Changing approaches

Direct approaches to create bschema have too many compromises and aren't working generically. 

Should change approaches to use one hop graph queries and LLMs to do new class names, then can just create a class graph. 

This also has more interpretability than the bschema, where you still had to inspect the graph to learn what something is, instead of just looking at a human readable label. 

The amount of iterations of naming things based on their one hop graphs should also work for different schema or types of graphs so it is somewhat manual but also can be generalized. 


Two options:

1. can go through and create ask queries for each thing, then run the ask query on each node and see which node matches which query. Ask queries are pretty fast so this is probably faster than option 2. However, since ask queries will be correct for a subset of the query (i.e., they won't catch if there's MORE information for a given thing) this will require some correction at the end. Will essentially have to remove the vav-cooling-only label from vavs with reheat based on the fact that all vavs with reheat are also vav-cooling-only, so we can remove this. Can alternatively generate two sparql queries and test both directions

2. Can go through and check if class graphs are isomorphic for each thing. 

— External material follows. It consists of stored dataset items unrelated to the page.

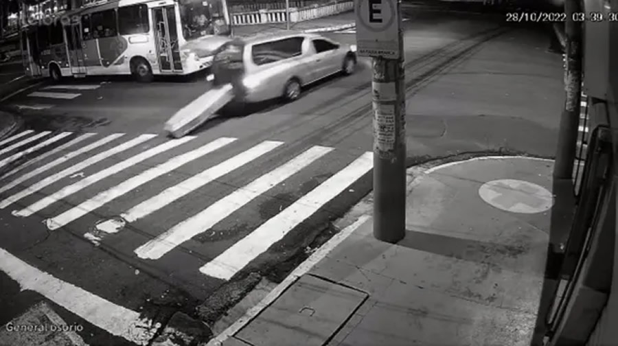 Uma câmera de segurança flagrou o momento em que um caixão com um corpo dentro caiu de um carro funerário na madrugada desta sexta-feira (28/10), no Centro de Ribeirão Preto-SP.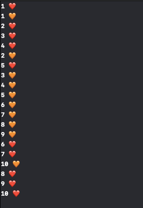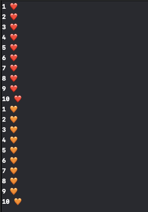 print("\(i) 🧡")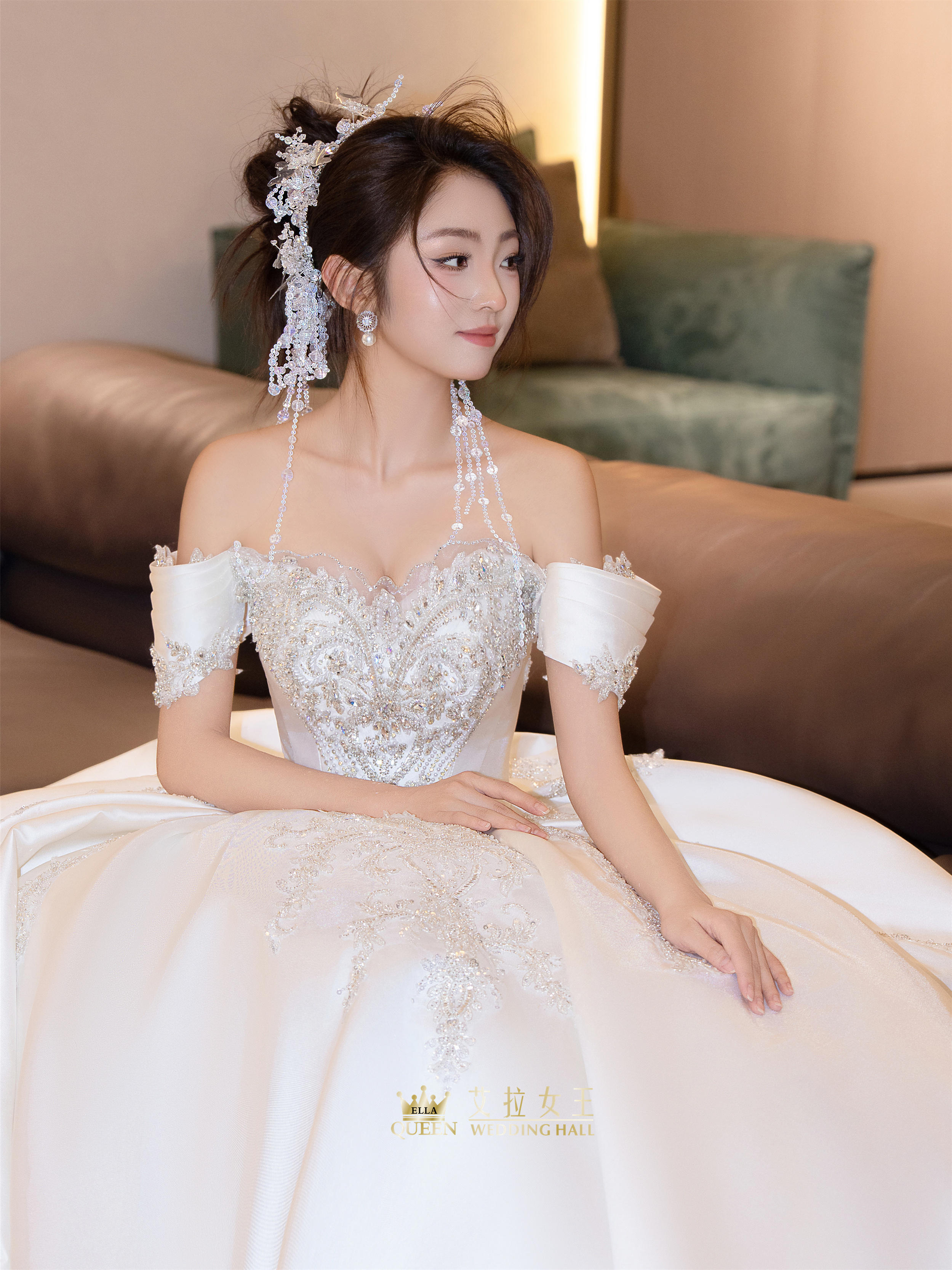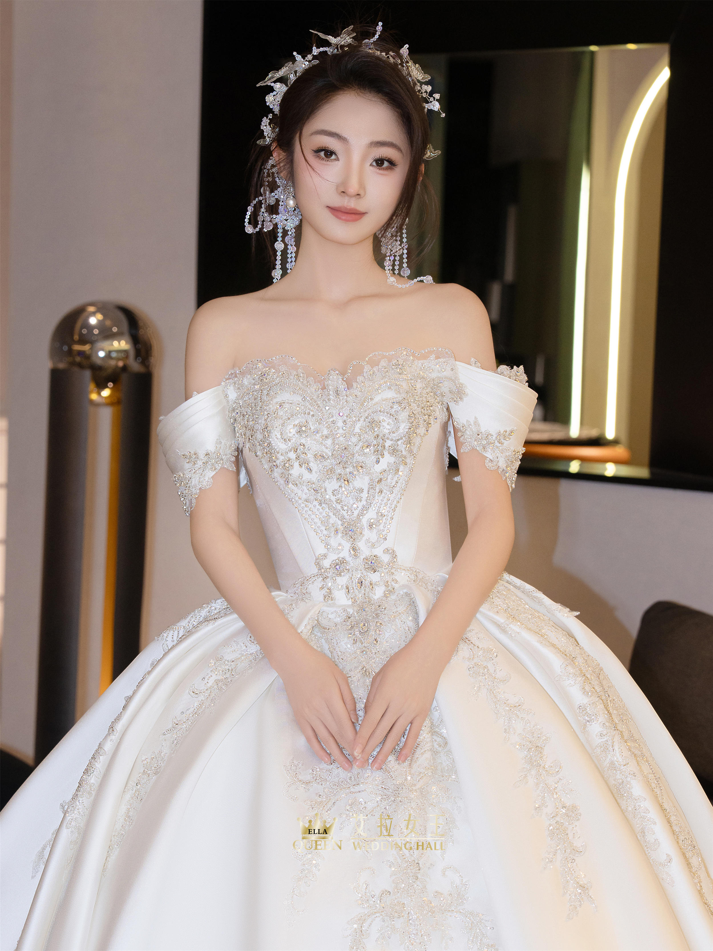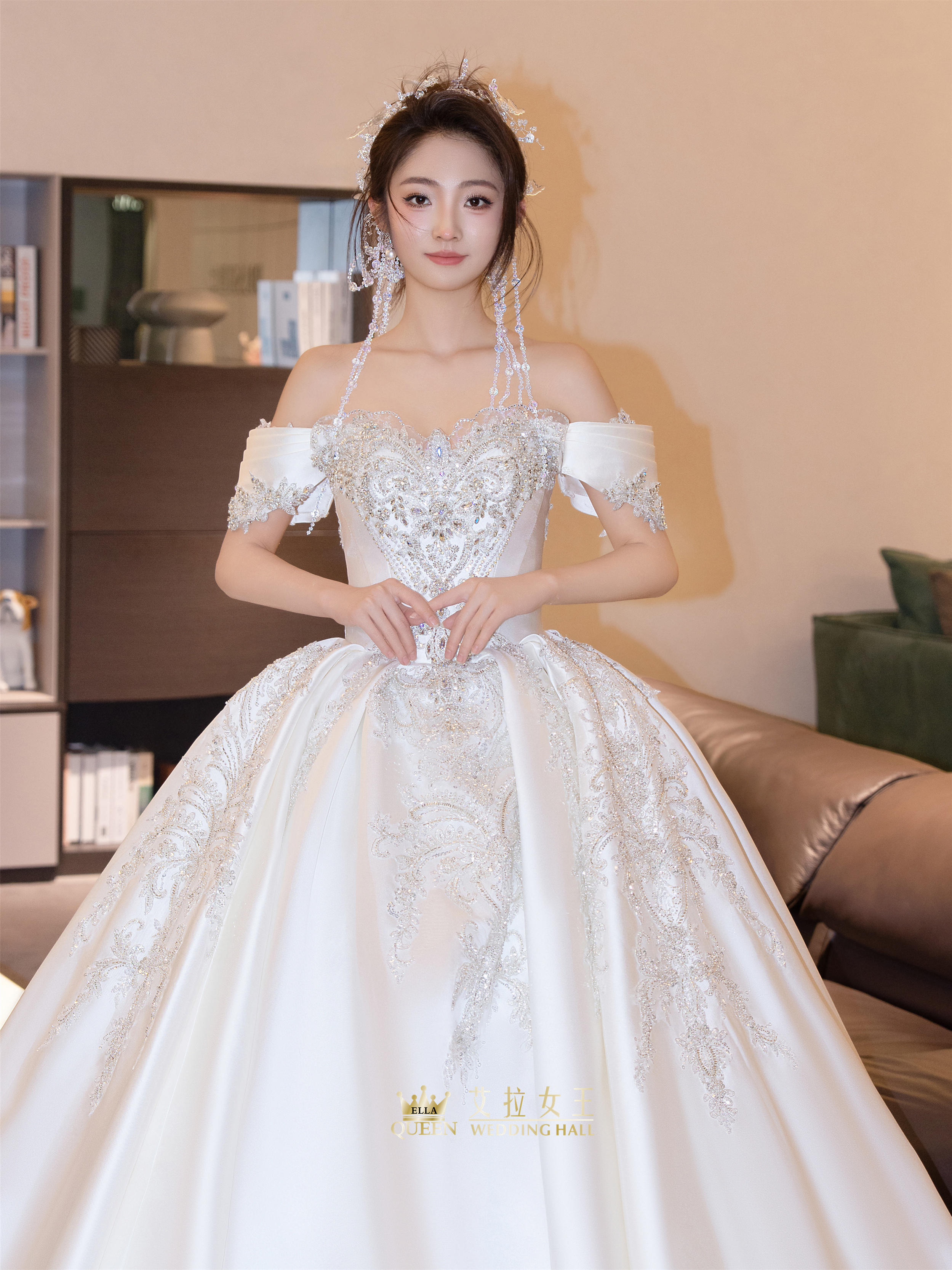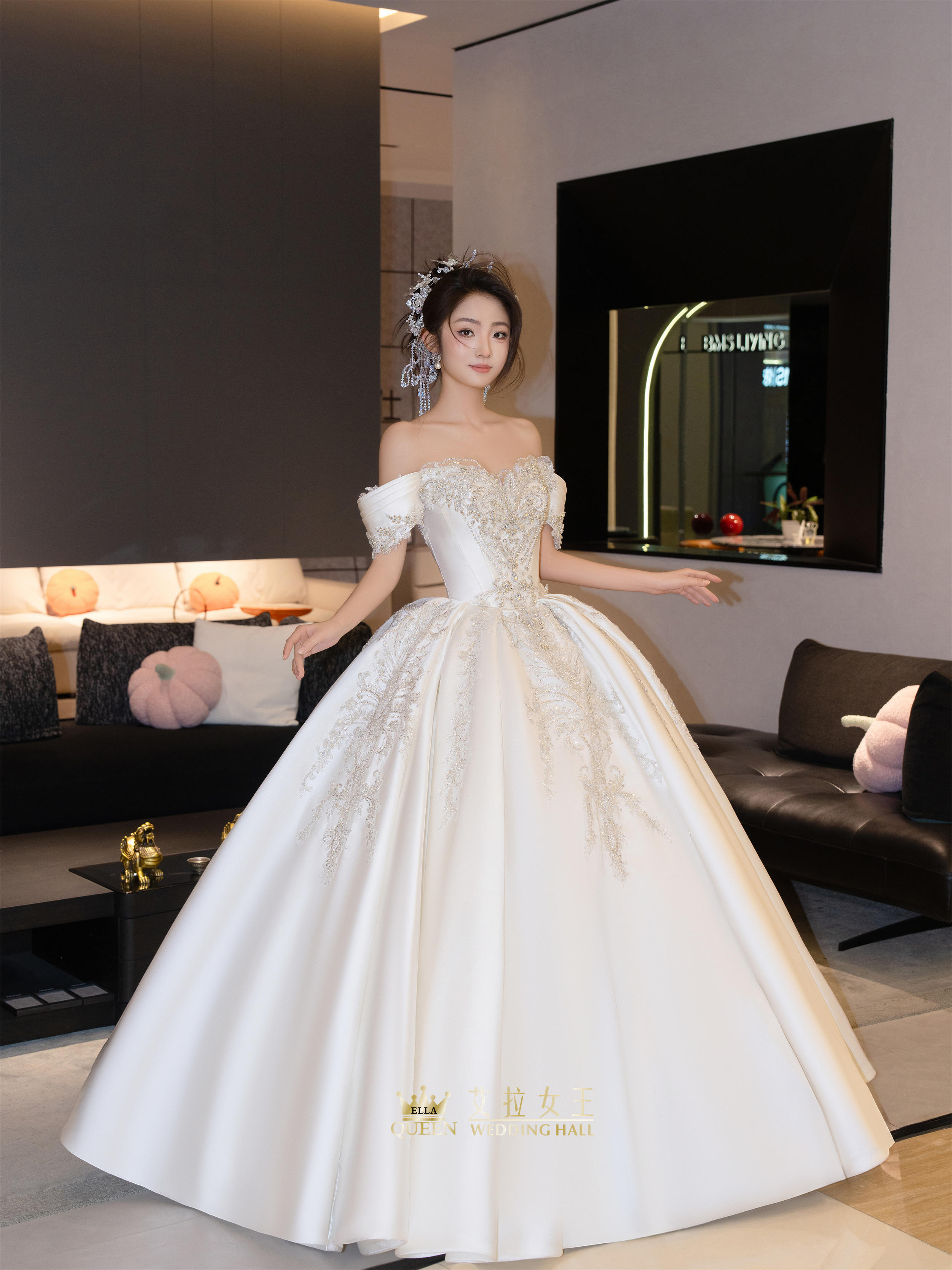 【甜美减龄】缎钻一字肩齐地婚纱

Then need to build the inferred class label. 

LLM class naming isn't particularly good using a locally running LLM. Should just number the variants of the original class. (ConnectionPoint1,2, VAV1,2, etc.)

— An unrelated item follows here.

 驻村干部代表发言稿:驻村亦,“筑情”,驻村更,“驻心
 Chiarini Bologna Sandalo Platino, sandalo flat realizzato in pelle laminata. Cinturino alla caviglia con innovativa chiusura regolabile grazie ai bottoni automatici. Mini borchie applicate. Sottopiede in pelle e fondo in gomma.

Using GPT OSS run by CBORG, creating new class names was decent

# TODO: 
- works right for brick, but class graph currently only contains one class. This may create bugs, so I will need to consider other methods. Working so far because it happens to gets the most recently added class, which is alphabetically the latest because of the version tag I'm adding. Instead of directly doing the class relations it may make sense to separate instance and class once again 

- Fix how I'm getting aspects and named nodes again so these show up in class graph for isomorphism. 

In [135]:
from rdflib.compare import isomorphic

from pprint import pprint
from typing import Union, List, Union, Tuple, Optional
from rdflib import Graph, URIRef
import sys

sys.path.append('../utils')
sys.path.append('utils')

from namespaces import *
from utils import * 

from tqdm import tqdm

In [136]:
def get_subgraph_with_hops(
    graph: Graph, 
    central_node: Union[str, URIRef], 
    num_hops: int,
    get_classes = False
) -> Graph:
    """
    Extract a subgraph containing all triples within num_hops from central_node,
    including rdf:type information for all entities.
    
    Args:
        graph: The source RDF graph
        central_node: The central node URI (as string or URIRef)
        num_hops: Number of hops to traverse from the central node
    
    Returns:
        A new Graph containing the subgraph
    """
    if isinstance(central_node, str):
        # print("central node is string: ", central_node)
        central_node = URIRef(central_node)
    
    subgraph = Graph(store = 'Oxigraph')
    visited_nodes = set()
    current_layer = {central_node}
    
    # Add class information for central node
    for class_uri in graph.objects(central_node, RDF.type):
        subgraph.add((central_node, RDF.type, class_uri))
    
    for hop in range(num_hops):
        next_layer = set()
        
        for node in current_layer:
            if node in visited_nodes:
                continue
            visited_nodes.add(node)
            
            # Get triples where node is subject
            for p, o in graph.predicate_objects(node):
                subgraph.add((node, p, o))
                if isinstance(o, URIRef):
                    next_layer.add(o)
                    # Add class information for object
                    for class_uri in graph.objects(o, RDF.type):
                        subgraph.add((o, RDF.type, class_uri))
            
            # Get triples where node is object
            for s, p in graph.subject_predicates(node):
                subgraph.add((s, p, node))
                if isinstance(s, URIRef):
                    next_layer.add(s)
                    # Add class information for subject
                    for class_uri in graph.objects(s, RDF.type):
                        subgraph.add((s, RDF.type, class_uri))
        
        current_layer = next_layer
    if get_classes:
        for s, p, o in subgraph:
            for class_uri in graph.objects(s, RDF.type):
                subgraph.add((s, RDF.type, class_uri))
            for class_uri in graph.objects(o, RDF.type):
                subgraph.add((o, RDF.type, class_uri))
    return subgraph

In [174]:
def get_class(node: URIRef, data_graph) -> URIRef:
        """Get the class of a node from the data graph"""
        # TODO: Shouldn't hve a default class and need a union of classes
        for _, _, o in data_graph.triples((node, A, None)):
            return o
        return URIRef("http://www.w3.org/2000/01/rdf-schema#Resource")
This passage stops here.